- ASSIGNED TASK -
The full listing, returned exactly and free of pictures, is the expected answer.

- SUPPLIED DATA -

* * * *

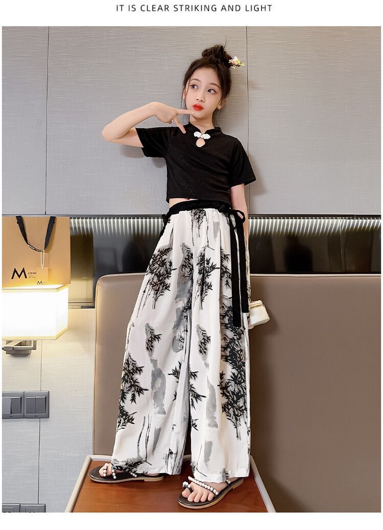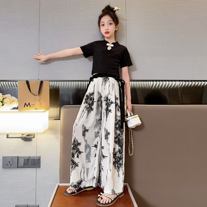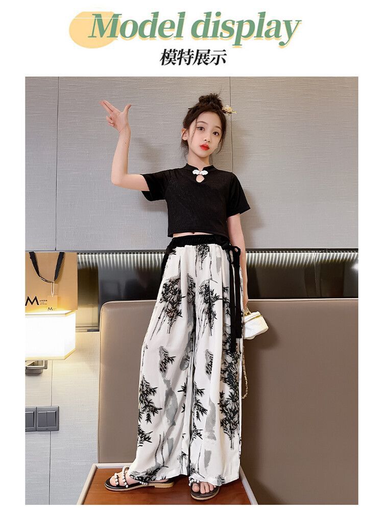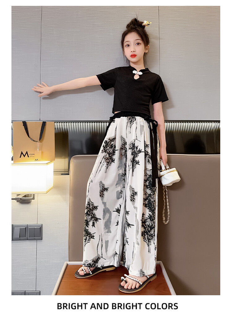 여자 중국 스타일 잉크 그림 넓은 다리 바지 세트 2025 새로운 여름 어린이 스트레이트 바지 투피스 세트
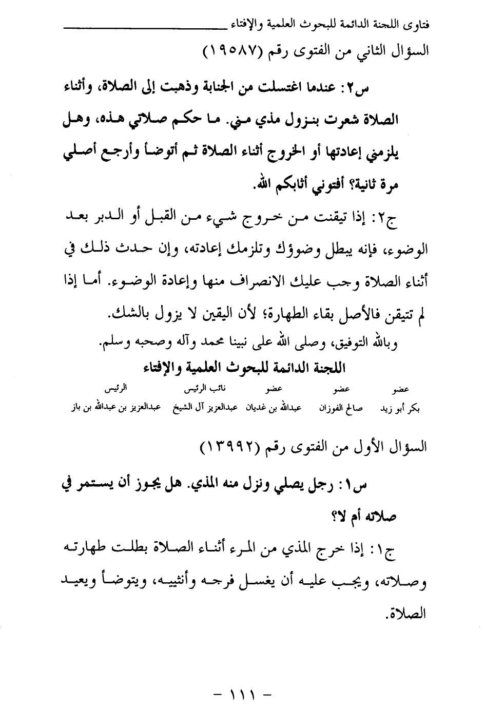 س 2: عندما اغتسلت من الجنابة وذهبت إلى الصلاة، وأثناء الصلاة شعرت بنزول مذي مني. ما حكم صلاتي هذه، وهل يلزمني إعادتها أو الخروج أثناء الصلاة ثم أتوضأ وأرجع أصلي مرة ثانية؟ أفتوني أثابكم الله.
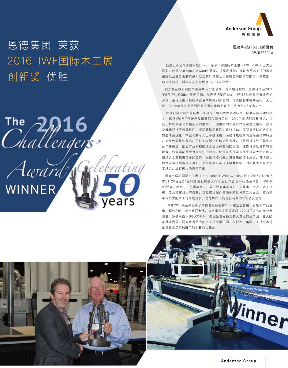 恩德集团 荣获 2016 IWF国际木工展 创新奖优胜
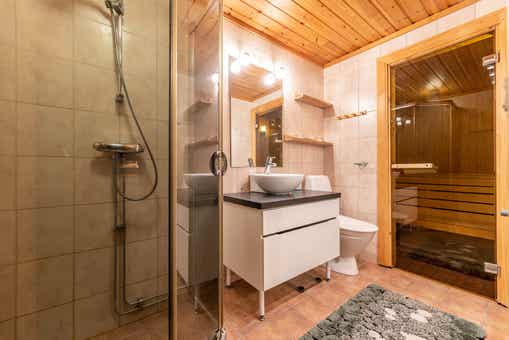 Badkamers:Badkamer 1: met douche/WC/sauna.
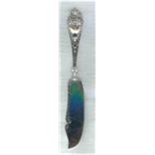 A Beautiful heavy Butter Knife. 6.3/4" long. Maker unknown. The mark is a tiny flag with an "H" in it. There is a cupids face with wings behind it at the top. Very ornate Sterling serving piece.
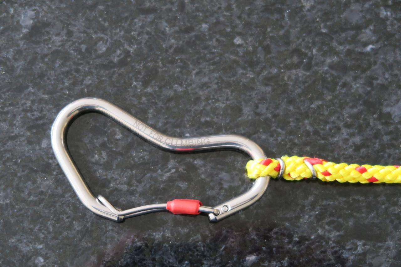 The towline was originally built with DMM bent gate carabiners as pictured. THESE CARABINERS ARE NOW DEEMED UNSUITABLE. The spring is some form of plastic and slipped out of position recently leaving the carabiner open. The rebuilt towline can be seen further down the page.
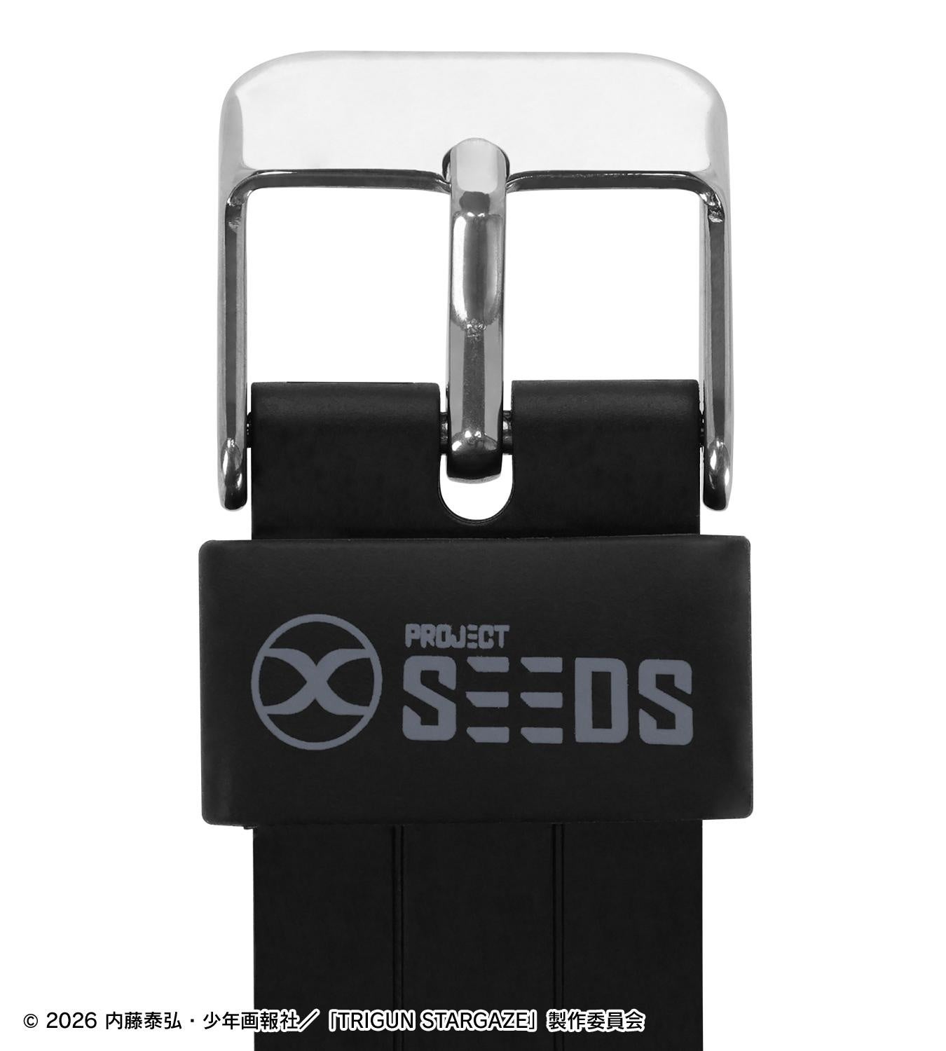 ブラックを基調としたボディに、ストラップと文字盤の「プロジェクトSEEDS」ロゴが映えるデザインで、ユニセックスかつカジュアルに使いこなせるコンセプトに仕上げました。
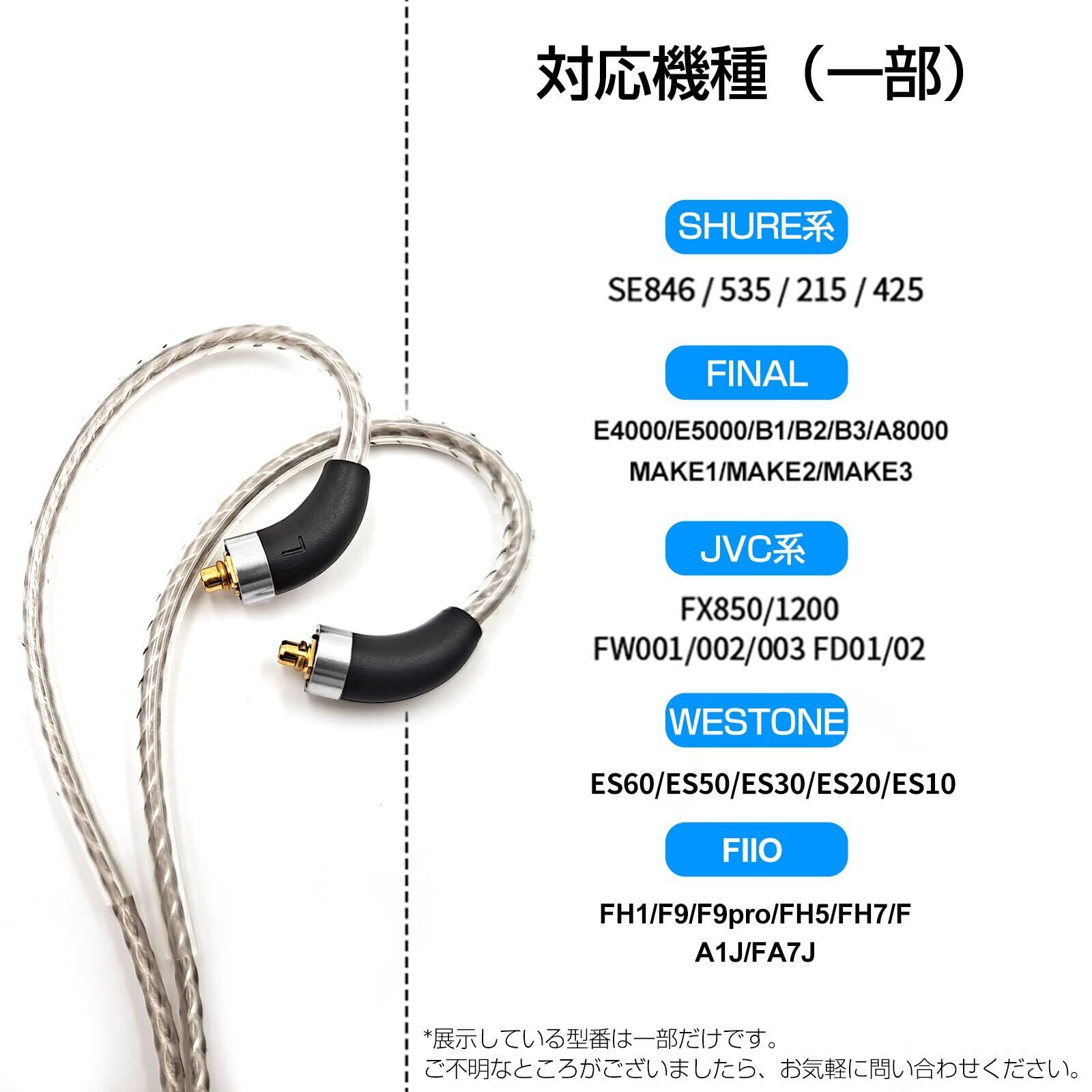 「 対応機種(一部)」SHURE系:SE215/SE425/SE535/SE846/SE315等。final系:E4000/E5000/B1/B2/B3/A8000/MAKE1/MAKE2/MAKE3等。fiio系:FH1/F9/F9pro/FH5/FH7/FA1J/FA7J等。JVC系:FX80/1200/FW001/002/003/FD01/02等。WESTONE系:ES60/ES50/ES30/ES20/ES10等。Byerdanamic:XELENTO等。以上のイヤホンと互換性があります。また他型番ご不明なところがございましたら、お気軽に問い合わせください。
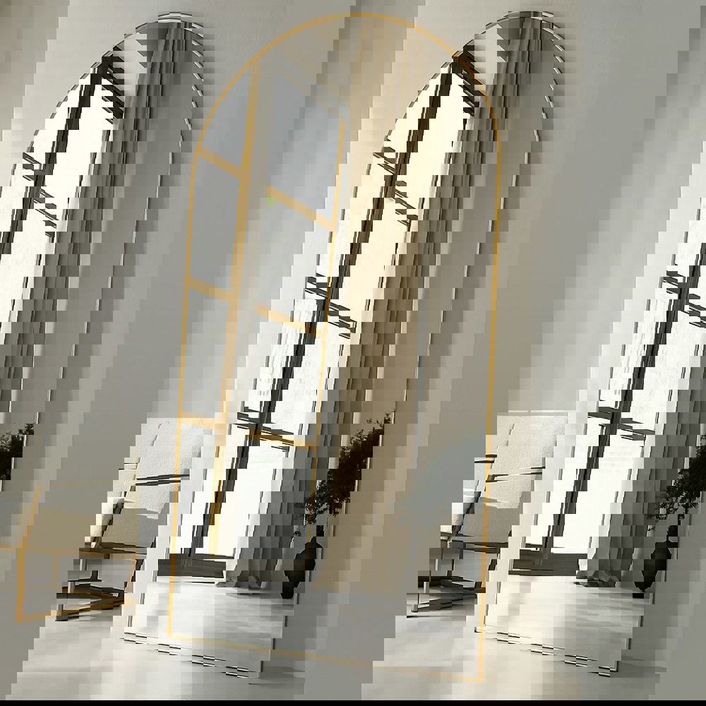 Whether you're looking to create a more spacious and open feel in a small room, or simply want to add a touch of elegance and refinement to your home, our Modern Gold Metal Archtop Full Length Mirror is the perfect solution. With its modern design and versatile functionality, it's an essential addition to any contemporary home. Don't miss out – elevate your living space today with our full-length gold arched mirror!
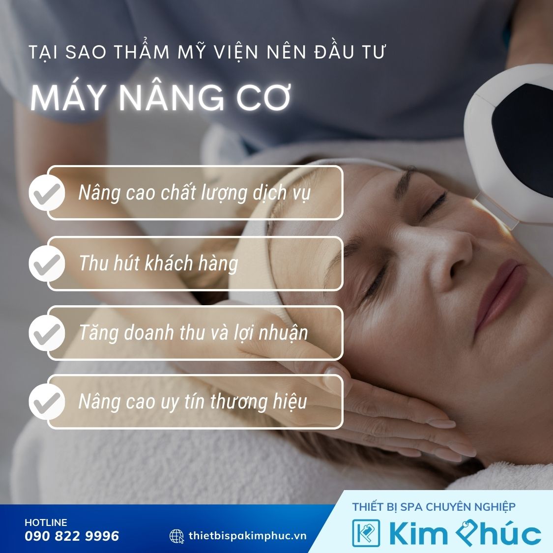 Tăng doanh thu và lợi nhuận: Máy nâng cơ cho phép thẩm mỹ viện mở rộng dịch vụ, thu hút nhiều khách hàng hơn, từ đó tăng doanh thu và lợi nhuận.
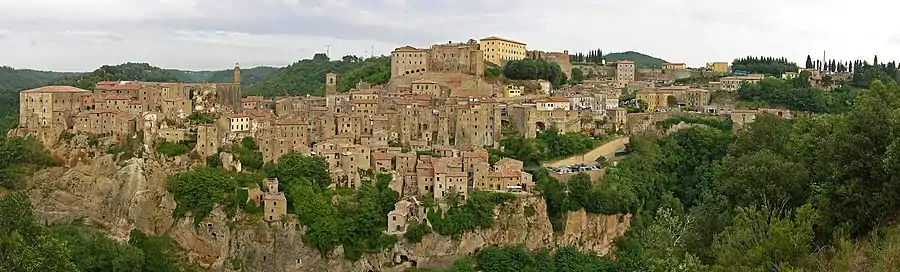 - Sovana, antigua capital del condado homónimo, se desarrolló durante la Edad Media en las proximidades de la necrópolis etrusca preexistente, bajo el control de la familia Aldobrandeschi. Alrededor del año 1000 se construyó el castillo y, aún en la época medieval, se convirtió en un municipio libre y dio a luz a Ildebrando de Sovana, que más tarde se convertiría en el Papa Gregorio VII. Tanto la necrópolis etrusca como el centro histórico hacen de Sovana uno de los sitios arqueológicos e histórico-artísticos más importantes de la Toscana y de Italia.
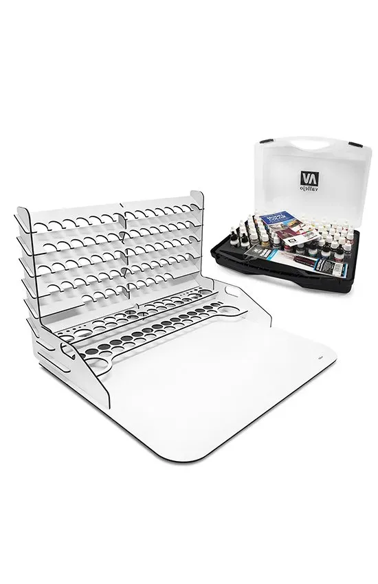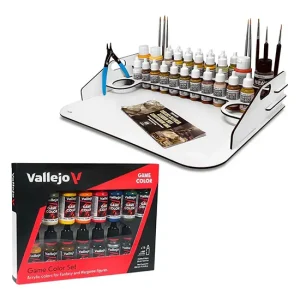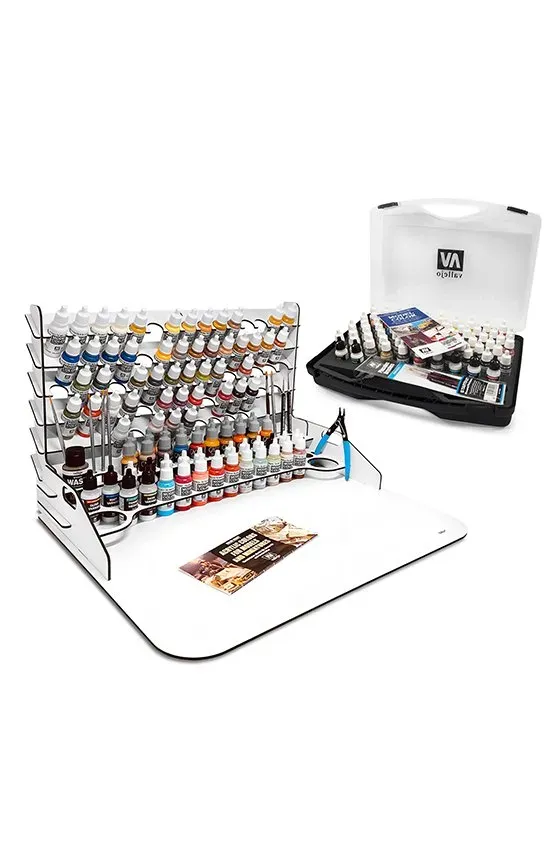 - El maletín de pinturas Vallejo incluye 67 colores básicos, 1 medium, 3 barnices, 1 diluyente, 3 pinceles sintéticos y una carta de colores. (REF:VAL-70172)

* * * *

- SOLVED PROBLEM -
 여자 중국 스타일 잉크 그림 넓은 다리 바지 세트 2025 새로운 여름 어린이 스트레이트 바지 투피스 세트
 س 2: عندما اغتسلت من الجنابة وذهبت إلى الصلاة، وأثناء الصلاة شعرت بنزول مذي مني. ما حكم صلاتي هذه، وهل يلزمني إعادتها أو الخروج أثناء الصلاة ثم أتوضأ وأرجع أصلي مرة ثانية؟ أفتوني أثابكم الله.
 恩德集团 荣获 2016 IWF国际木工展 创新奖优胜
 Badkamers:Badkamer 1: met douche/WC/sauna.
 A Beautiful heavy Butter Knife. 6.3/4" long. Maker unknown. The mark is a tiny flag with an "H" in it. There is a cupids face with wings behind it at the top. Very ornate Sterling serving piece.
 The towline was originally built with DMM bent gate carabiners as pictured. THESE CARABINERS ARE NOW DEEMED UNSUITABLE. The spring is some form of plastic and slipped out of position recently leaving the carabiner open. The rebuilt towline can be seen further down the page.
 ブラックを基調としたボディに、ストラップと文字盤の「プロジェクトSEEDS」ロゴが映えるデザインで、ユニセックスかつカジュアルに使いこなせるコンセプトに仕上げました。
 「 対応機種(一部)」SHURE系:SE215/SE425/SE535/SE846/SE315等。final系:E4000/E5000/B1/B2/B3/A8000/MAKE1/MAKE2/MAKE3等。fiio系:FH1/F9/F9pro/FH5/FH7/FA1J/FA7J等。JVC系:FX80/1200/FW001/002/003/FD01/02等。WESTONE系:ES60/ES50/ES30/ES20/ES10等。Byerdanamic:XELENTO等。以上のイヤホンと互換性があります。また他型番ご不明なところがございましたら、お気軽に問い合わせください。
 Whether you're looking to create a more spacious and open feel in a small room, or simply want to add a touch of elegance and refinement to your home, our Modern Gold Metal Archtop Full Length Mirror is the perfect solution. With its modern design and versatile functionality, it's an essential addition to any contemporary home. Don't miss out – elevate your living space today with our full-length gold arched mirror!
 Tăng doanh thu và lợi nhuận: Máy nâng cơ cho phép thẩm mỹ viện mở rộng dịch vụ, thu hút nhiều khách hàng hơn, từ đó tăng doanh thu và lợi nhuận.
 - Sovana, antigua capital del condado homónimo, se desarrolló durante la Edad Media en las proximidades de la necrópolis etrusca preexistente, bajo el control de la familia Aldobrandeschi. Alrededor del año 1000 se construyó el castillo y, aún en la época medieval, se convirtió en un municipio libre y dio a luz a Ildebrando de Sovana, que más tarde se convertiría en el Papa Gregorio VII. Tanto la necrópolis etrusca como el centro histórico hacen de Sovana uno de los sitios arqueológicos e histórico-artísticos más importantes de la Toscana y de Italia.
 - El maletín de pinturas Vallejo incluye 67 colores básicos, 1 medium, 3 barnices, 1 diluyente, 3 pinceles sintéticos y una carta de colores. (REF:VAL-70172)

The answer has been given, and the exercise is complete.